Investors carefully remained the risk of another FLARE up in the debt crisis in the euro zone. Greece has his first game of the bailout payments this week, but the Italian Government saw to clash with the trade unions on employment law set out reforms.


A firmer dollar because of expectations of further monetary easing by the US Federal Reserve after a modest lift of its economic prospects fade can also hinder the euro.


Ten-year US Treasury yields were last trading day approx. 2.365 percent, within sight of 4-1/2 month high 2.399 percent hit on Tuesday.


U.S. housing market data, around 1400 GMT, could increase the dollar if it adds expectations, the world's largest economy picking.


WEAK YEN, UK BUDGET


Rising U.S. have the dollar, especially against the yen income and monetary easing by the Bank of Japan last month to increase. The greenback rose 0.4 percent and 84.09 yen, simply just shy of an 11-month high of 84.187 Yen met last week.


During the Asian session, Japanese exporters were seen selling the dollar before the end of their financial year on March 31, but market players said it was to buy the greenback on dips in good demand.


The euro has also a near five-month Summit of 111.43 yen on trading platform EBS, shortly before the resistance to 111.57, the top hit on the October 31, when Japanese authorities last intervened in the market.
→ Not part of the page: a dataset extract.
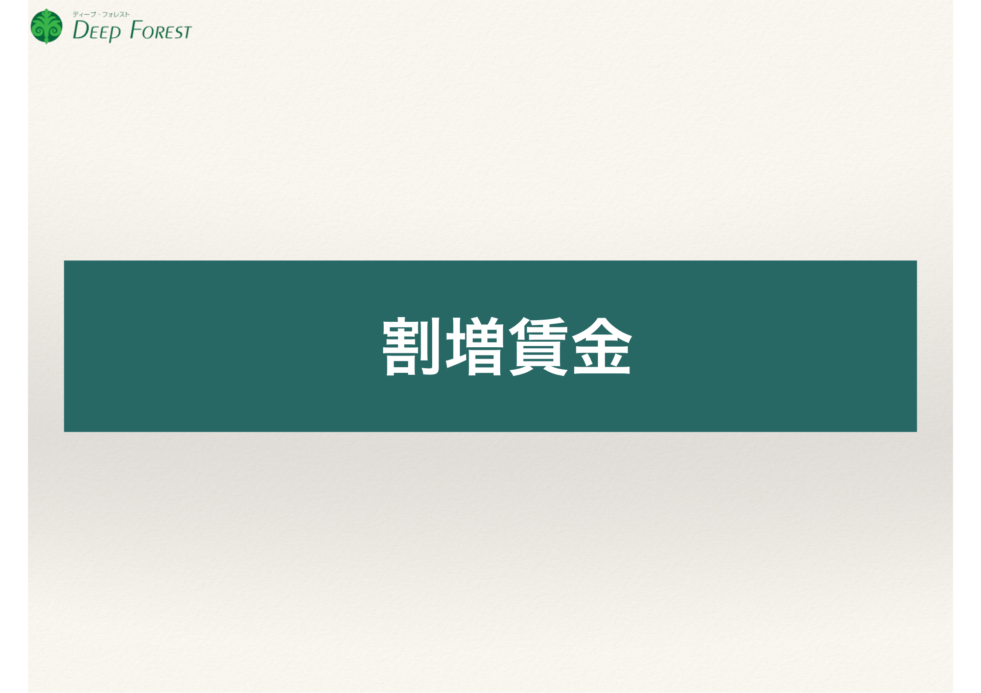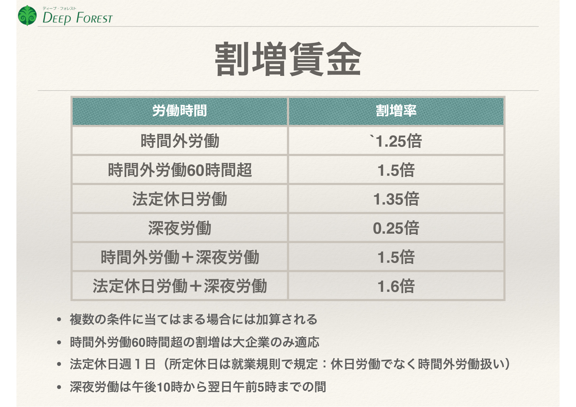 割増賃金 • • • • 労働時間 割増率 時間外労働 `1.25倍 時間外労働60時間超 1.5倍 法定休日労働 1.35倍 深夜労働 0.25倍 時間外労働+深夜労働 1.5倍 法定休日労働+深夜労働 1.6倍 複数の条件に当てはまる場合には加算される 時間外労働60時間超の割増は大企業のみ適応 法定休日週1日(所定休日は就業規則で規定:休日労働でなく時間外労働扱い) 深夜労働は午後10時から翌日午前5時までの間

The yen sagged against the pound, with the pound rise about 133.40 yen, its highest level since June 2011 session to a peak.


Market focus on Wednesday will present Finance Minister George Osborne, budget also contact the UK, difficult task faces one support a nascent economic recovery at a time when public finances are stretched.


Sterling withdrawal from the highest in more than two weeks against the dollar after leader minutes from the Bank of England's last meeting of the Committee of monetary policy and higher than expected UK Government bonds pay.